Our experience in dealing with clients is that anger management classes or programs are generally not effective.
The typical kind of anger management class teaches people to “get in touch with their anger” and to “express it” or “get it out.” These kinds of classes include things like punching bags and using foam baseball bats to club imaginary adversaries instead of taking it out on nearby loved ones.
Studies have shown that this approach actually makes people angrier and more hostile, not to mention more entitled to act out their anger. Participants are training their brains to associate controlled aggression rather than compassion and reconciliation with anger.

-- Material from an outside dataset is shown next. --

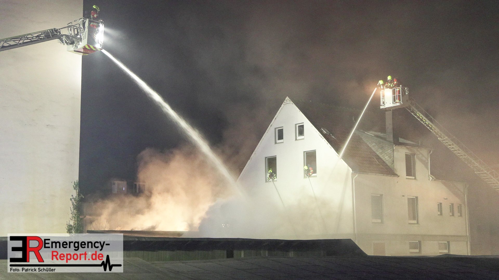 Aufgrund von weitere anhaltenden, immer wieder auffachenden Brandstellen in der Zwischendecke sowie im hinteren Bereich der Halle wurde durch ein lokales Bauunternehmen ein Bagger zu der Einsatzstelle nachgefordert. Dieser entfernte zunächst ein Fahrzeug im vorderen Bereich der Halle und trug das Dach des Gebäudes ab. Dabei auftretende Glutnester wurden parallel abgelöscht. Im Verlauf wurde die komplette Halle abgerissen. Durch die umfangreichen Maßnahmen der Feuerwehr konnte ein Übergreifen des Feuers auf die Wohngebäude sowie auf den Garagenhof verhindert werden.

Other types of anger management classes teach the angry person to identify behaviors that set them off. They then work to make those behaviors less provocative. Techniques include things like ignoring it, avoiding it, or pretending it’s funny. The reality is that it is the person’s of inadequacy and sense of entitlement — not specific behaviors — that trigger the anger.
Even if the class succeeds in making them less sensitive to your specific trigger, it does not get to the root source. Desensitizing doesn’t work at all on hidden anger or resentment issues, which is the precursor to most angry and abusive behavior. People typically resent hundreds of things, not just one.
When you’re resentful, you are constantly scanning the environment for any possible bad news, lest it sneak up on you. Anger-management classes try to deal with this constant level of arousal with techniques to manage it. Deliverance ministry can get to the root source and thus offer a lasting and satisfying solution rather than a band-aid.